August 12, 2022

Exactly Who Can Evaluate Your Business?

Have you ever considered selling your business? Do you know how much is your business worth?

In general, no fixed rules or formulas apply to value how much your business is worth. People may attempt to tag a price for your business. The power to evaluate your business should be solely on you, the owner.

However, having said that this does not mean you can value it as  you like. In order to put a value on a business, you should take a few aspects into consideration.

This article will explore those aspects one by one:

How Much Profit Can Your Business Make?

Every business should have projected profits and cash flow and a report on how overheads and other costs were managed in the past.

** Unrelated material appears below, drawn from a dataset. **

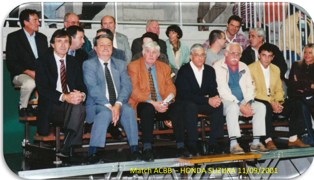
Match ACBB – HONDA SUZUKA 11/09/2001

The projection and report can be used to consider expenditure that has been planned for or will be needed in the future.

Future profitability is of the utmost importance. The more profitable your business is projected to be, the more interest will people be to buy it.

Assets and Liabilities

Add up all your assets and minus it off with the liabilities and you are left with the asset valuation. The net asset value of your company is the total market value of all the assets it holds, such as equipment, machinery, computers, cars and properties; subtracting the value of any liabilities, such as debts, leases, finance or other money or equipment owed.

Applying asset valuation is generally more realistic if your company has a large amount of assets and/or its long term revenue generating capabilities are limited.  There is a need to consider the current situation with orders and the value of any property and equipment.

What is the situation with debtors?

Does the business own any patents?

All these needs to carefully consider when fixing the closing price for the business. You must ensure that everything is accounted for.

The Invisible

It is not something quantifiable or tangible, but its presence makes a difference, good or bad.  This could sometimes be one of the major aspects when valuing a business.

Due to it being intangible, it needs more attention. The strength of the customer base of a business for instance is something to consider.

How loyal are your customers?

Do you have a loyalty program?

If yes, how  many are subscribed to it and how are you planning to transition them?

This can be a very valuable aspect as a sound customer base can provide opportunities for future buyers to use them as a target audience.


Are your management members going to stay with the business once you sell it or are they planning to leave with you. Depending on their decision and what the buyer prefers, the value of the business will increase or decrease significantly.

The organization structure is also important. The buyer will want to see if he can make do without some employees and having that choice will help him decide.

“Obviously, if you are selling your business, valuation is extremely important”

External Factors

The above were all internal factors, but the current state of economy and the projection of the state of the industry your business is in is also important external factors.  Depending on the individual business, there could be many other factors that can be considered to get you the most accurate valuation but this depends on the industry you operate in and the type of business you run.

It is important to first do a personal valuation and then do a valuation together with a potential buyer taking into account their demands and preferences.

Obviously, if you are selling your business, valuation is extremely important. However, valuation can also and should be used as a powerful driver of how you manage your business. Valuation helps you track the effectiveness of your strategic decision-making process and to provide you with the ability to track performance in terms of estimated change in value, not just in revenue.

This helps you to take a holistic look at your business and make decisions that are highly impactful for your bottom line. It allows you to understand the subtle dynamics of your business and avoid unforeseen consequences of seemingly reasonable decisions. A value-based management approach will set you apart from your competition and dramatically change the way you and the market view your company.